Every product claims to be "AI-powered" now. How do you tell real from noise?
I genuinely dislike the phrase. It's still just technology - input, processing, output - and it still requires a human to decide what question to ask and what to do with the answer. Calling something "AI-powered" tells you nothing.
The real question is: does this feature help someone see something they couldn't see before, faster than they could find it themselves? If yes, it's valuable. If it's just automating something that was already easy, it's a feature in search of a use case.
What skills matter most for marketers now?

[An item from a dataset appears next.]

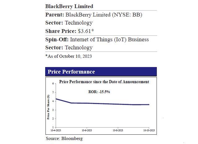 On October 4, 2023, BlackBerry Limited (NYSE: BB, $3.61, Market Capitalization: $2.1 billion), a leading provider of security software and services to enterprises and governments, provided an update regarding the review of its portfolio of businesses (named as “Project imperium”), which commenced on 5/1. Based on the input from the current process and with the support of management, the Company determined that separating the Internet of Things (IoT) and Cybersecurity business units into two independently operated entities is the optimal strategic direction for the Company. BlackBerry plans to carve-out its IoT business via an IPO into a separate publicly traded company, with a launch targeted in the first half of the next fiscal year (1H24). IoT business consists of BlackBerry Technology Solutions (BTS) and BlackBerry IVY, a market leader for high-performance, safety-critical foundational software in automotive and other verticals. On the other hand, BlackBerry (Parent) will continue to run Cybersecurity, Licensing, and other businesses. Although more information regarding the IPO of IoT business is not available yet, the Company will host an investor briefing regarding the Project Imperium update on 10/17 (Tuesday) at 1:00 pm ET.

Breadth, more than depth in one area. Companies are consolidating roles - they want one person who can move across content, performance, product marketing - and AI is what makes that possible. The specialist skills in SEO or demand generation don't disappear, but one generalist with AI can cover more ground than a specialist could before.
The risk is that everybody ends up doing the same thing. If you replace your entire marketing team with one person and an AI running 40 posts a month, none of that content has anything unique in it - and eventually you won't have anyone left who knows how to fix it when things go wrong. The human perspective is what makes work worth reading. That doesn't go away.
Where would you tell a team to start?
Write down every task you do in a typical week. For each one: how manual is it, how long does it take, how often does it happen. Rank them. Then ask honestly how much of that task AI could help with.
I'd rather save three hours a week across five small tasks than spend six months building one impressive thing that doesn't change much day to day. That's also how you learn - by doing, by seeing what works, by building up a sense of what AI is actually good at versus where it lets you down. Start with one thing. Scale from there.
What won't change, regardless of where AI goes?
People still want to work with other people. I've been remote for five years - if my only interaction all day was with AI tools, I'd go mad. The best work still comes from people sitting with an idea they're genuinely excited about and building on it together. AI creates more noise. It doesn't create that.
You can see it in how events are coming back. People want to be in the room. That won't change.
This conversation has been lightly edited for length and clarity.